Malgré le fait que le processus des plaintes devant la Régie de l’énergie reste méconnu, surtout de
la part des entreprises commerciales, quelques exemples récents démontrent qu’il peut être utile de porter
plainte, surtout qu’un nombre appréciable de dossiers se règlent hors cour. Quatre exemples peuvent
illustrer le succès qu’ont eu des entreprises en formulant une plainte devant la Régie de l’énergie. Dans
Gonthier Industries c. Hydro-Québec2, cette dernière exigeait de l’entreprise qu’elle renouvelle une lettre
de garantie de 12 000$ qui avait été donnée lors de l’abonnement initial et qui avait une durée de deux
ans. La Régie a donné gain de cause à Gonthier Industries en indiquant qu’Hydro-Québec ne pouvait
réclamer à nouveau un dépôt à la fin de la période deux ans.
Dans Le Relais Viau c. Hydro-Québec3, la société d’État exigeait un dépôt en argent de
l’entreprise de restauration.

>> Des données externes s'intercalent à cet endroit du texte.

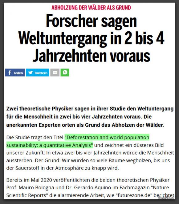 21. Januar 2021: Forscher sagen Weltuntergang durch Waldabholzung voraus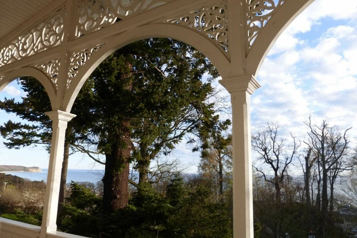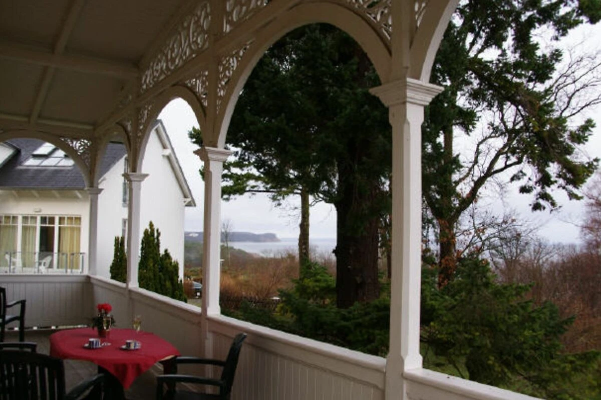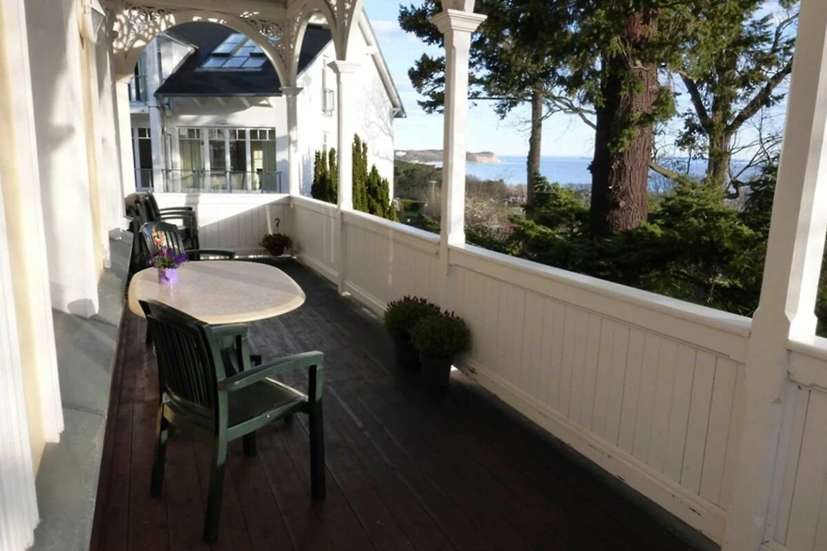 Vom riesigen Holzbalkon sowie der Wohnung aus, geniessen Sie einen unvergesslichen Blick auf die angrenzende See bis hin zur Steilküste mit ihren Kreidefelsen und dem Garten.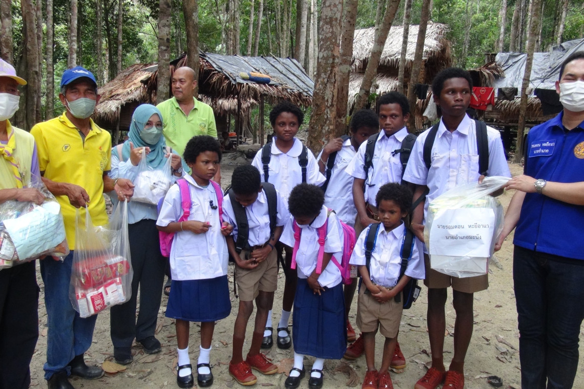 ทางอำเภอ จึงทำโครงการที่จะมอบ ชุดนักเรียน กระเป๋า อุปกรณ์การเรียนให้น้องๆไปเรียนกับเพื่อนๆซึ่งอุปกรณ์ทั้งหมดนี้ได้จากน้ำใจของพี่น้องชาวอำเภอมะนังที่ร่วมกันบริจาคให้เป็นอุปกรณ์การเรียนของน้องๆ มันนิ ที่จะไปเรียน นอกจากนี้เรายังให้สิทธิ์พื้นฐานด้านสาธารณสุข ด้วยมีการดูแลฉีดวัคซีนและตรวจติดตามสุขภาพให้ความรู้เรื่องการดูแลบุตรของชนเผ่ามันนิอีกด้วย ส่วนนักเรียนที่จะไปเรียนมีจำนวน 8 คน ส่วนเส้นทางจากทับไปโรงเรียนก็หลายกิโลเมตรต้องเดินเท้าเข้าไปจากตีนเขา ประมาณ 1-2 กิโลเมตร จะมีกำนันผู้ใหญ่บ้านและเรียนมาคอยรับส่งจากตีนเขาไปที่โรงเรียนโดยอาศัยมอเตอร์ไซค์ในการรับส่ง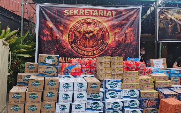 Salah satu posko terlihat berdiri di depan pusat perbelanjaan Mall Lembuswana, tepatnya di simpang Jalan M Yamin dan Jalan WR Soepratman. Dari pantauan di lokasi, posko tersebut dipenuhi berbagai bantuan logistik, mulai dari air mineral hingga makanan ringan seperti biskuit untuk kebutuhan peserta aksi.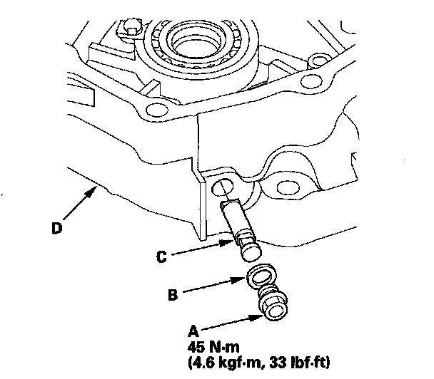 2. Remove the lubrication check valve (C) from the torque converter housing (D).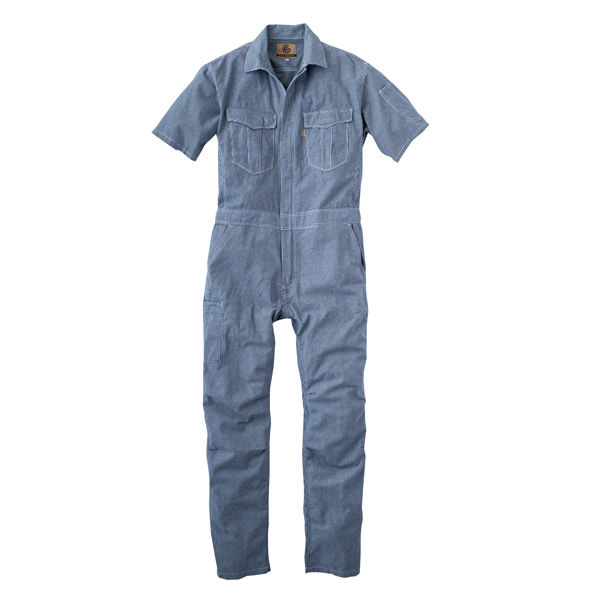 本商品:エスケー・プロダクト GE-585綿麻ストライプ半袖ツナギ ヒッコリー S 585-19-S 1着(直送品)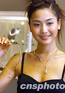 中新網(wǎng)7月4日電 “香港佳士得2003年瑰麗珠寶及翡翠首飾春季拍賣會”昨天舉行,邀得周汶锜(Kathy)擔任模特兒。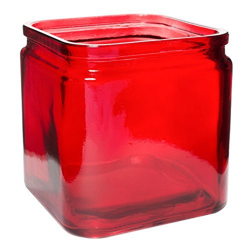 Flower Rose Glass Lip Cube Vase Decorative Centerpiece For Home or Wedding by Royal Imports - 5 Tall 5 Opening Red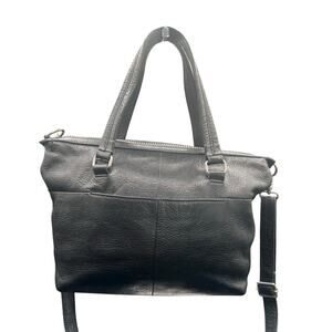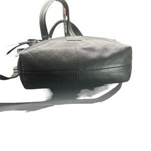 Fossil Black Pebbled Leather Satchel Crossbody Bag Silver Hardware Key Charm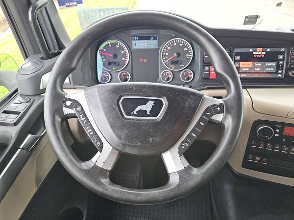 Aantal Assen: 2, Configuratie: 4x2, Dubbele banden, Eigen gewicht: 7442 kg, Totaalgewicht: 18000 kg, Diesel inhoud totaal: 730 liter, 2e dieseltank, Schotelhoogte: 109 cm, Schotel type: Fixed, Aantal sperren: 10, Lichtmetalen velgen, Vering type: luchtvering, Soort cabine: slaapcabine, Cruise control, Tachograaf, Digitale tachograaf, Airconditioning, Stand airco, Standkachel, Elektrische ramen, Elektrische spiegels, Radio/cassette, Kleur: Rood, Verwarmde spiegels, Soort lampen: Halogeen, Laneassist, Climatecontrol, Stoelverwarming, Bluetooth, Zwaailichten, Motorvermogen: 338 Kw (453 Hp), Brandstof: diesel, Euro: 6, Soort versnellingsbak: Automaat, Merk versnellingsbak: Scania, Versnellingen: 14, Extra remsysteem, Merk retarder: Scania, Stuurbekrachtiging, ABS (Anti Blokkeer Systeem), Start accu, Stoelopstelling: 1+1, Stoelbekleding: stof, Stoel verstelling: Handmatig

La Régie de l’énergie a annulé cette demande de dépôt car Hydro-Québec
s’était trompée de consommateur ! Dans Les Investissements Genimax Ltée-Motel Trans-Québec c.
Hydro-Québec4, la Régie a réduit la demande de dépôt de 4 610$ à 750$.
(On peut communiquer avec Me André Turmel, à Montréal, au (514) 397-5141 ou à [email protected] )
ANDRÉ TURMEL
Détenteur d’un B.Sc (Université de Montréal), LL.B. (Université de Sherbrooke) et LL.M. (Université de Montréal) (Maîtrise en
droit du commerce international et protection de l’environnement), Me Turmel est membre du groupe de pratique en
environnement, énergie et ressources naturelles du cabinet Fasken Martineau DuMoulin (Montréal) depuis juin 2000. Il œuvrait
depuis 1998 comme Procureur de la Régie de l’Énergie du Québec dans les dossiers tarifaires reliés au transport de l’électricité,
à la distribution du gaz naturel et diverses questions ayant trait à la juridiction de la Régie en matière de surveillance des prix
des produits pétroliers. Me Turmel a développé une expertise à l’égard des questions reliées au droit de l’énergie en Amérique
du Nord et à l’étranger. Il agit comme conférencier sur les dimensions juridiques de la réglementation économique et financière
de l’industrie électrique et, à ce titre, a agi comme expert invité auprès de divers États d’Afrique et d’Amérique centrale. Avant
la Régie, Me Turmel était avocat au Ministère de la Justice du Québec. Me Turmel est co-auteur de « La Loi sur la Régie de
l’énergie annotée » à paraître aux Éditions Yvon Blais inc. le 11 octobre 2000 et est secrétaire du comité sur l’environnement,
l’énergie et les ressources naturelles de l’Association du Barreau canadien, division du Québec.
________________________________
1) Voir sur cette récente modification législative l’article de l’auteur publié dans le Bulletin de Droit de l’Environnement (BDE)
d’août 2000, aux Éditions Yvon Blais Inc.
2) Décision D-99-191, rendue le 4 novembre 1999.
3) Décision D-2000-110, rendue le 16 juin 2000.
4) Décision D-99-231, rendue le 22 décembre 1999.